Simply put, a Supreme Court does not fit into this equation. It makes no sense for another body to be siphoning power away from a Parliament designed to be the supreme authority in the land. Instead, we have ended up with a paradoxical scenario where Parliament is again and again taken to a Supreme Court which has never existed in the history of these isles. Our system is not designed to work like this. We’ve lumbered a system intended to be quick and flexible in the face of challenges with a ball and chain, and this is without even mentioning the disastrous attempts at devolution encouraged by Blair in an attempt to federalise the U.K.

Our Conservative party has abandoned the traditional values of British Toryism created over centuries and shaped through the Civil war and the French Revolution. Values espoused and represented by politicians such as Edmund Burke and philosophers such as the late Roger Scruton. Ideals such as loyalty to the Crown, desire to serve God, and patriotic duty to one’s nation in favour of American-style Republicanism where money, profit, and capitalism seem to be the end goal.
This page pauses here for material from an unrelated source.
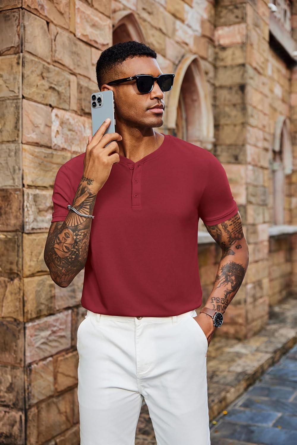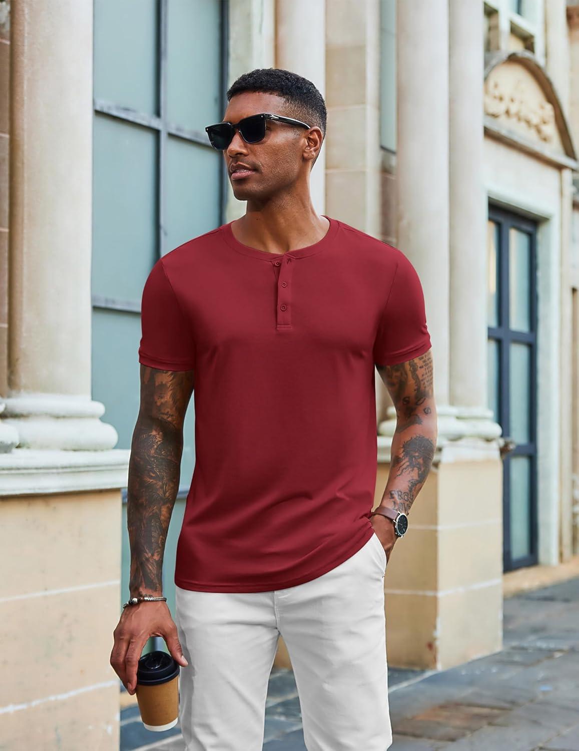 Discover the latest COOFANDY Men’s Henley Shirts Short Sleeve Casual Summer Basic Tee Solid Button T-Shirts(Wine Red) from and take advantage of our limited-time introductory offer.

Sure, they may wave the flag come election time and make a loud ruckus, but, once they’ve got what they want it’ll be gathering dust again for the next few years.

They have abandoned God, King, and Country in favour of rampant neoliberalism, Capitalism, and American style politics of socialism vs capitalism, instead of understanding the Christian notion of charity and duty. At this point, it would not be surprising to suggest they would abolish the monarchy if they believed it could give them a few more years in power. I was shocked to see so-called “conservative political commentators” recently on Twitter referring to local elections as “midterm elections” as though we’re somehow a presidential and congressional system rather than simply electing who’s responsible for taking our bins out.

American social issues are repeatedly imported onto our shores despite our own system having different issues (the oppressive class system springs to mind). We’re bombarded with American media which, in turn, becomes a British problem and dominates our society and political world. I’m so sick of watching shows such as Question Time or political leader debates, only to be forced to watch them try and say how much more they hated Donald Trump than each other, or what they think of some situation occurring over 4000 miles away rather than what they’re going to do about our own hospitals falling apart.

I’m not even going to get into British politicians eager for us to join in more and more wars, such as Iraq and Afghanistan, at the behest of the States just so they can have a few short years of feeling important in the walls of Congress.

We seem to be exchanging a culture that has developed over centuries of political and cultural evolution. A culture that found a home in politicians from British Canada, Australia and New Zealand, to one of consumerism, short sightedness and frankly foreign to British society.  We are not American. Any serious British Conservative or so-called Nationalist group needs to recognise that Britain is rapidly becoming a carbon copy of the United States. I am not personally prepared to see Britain become the 51st state and quite frankly, neither should you. Once the Britain that has existed has gone, it cannot be recreated.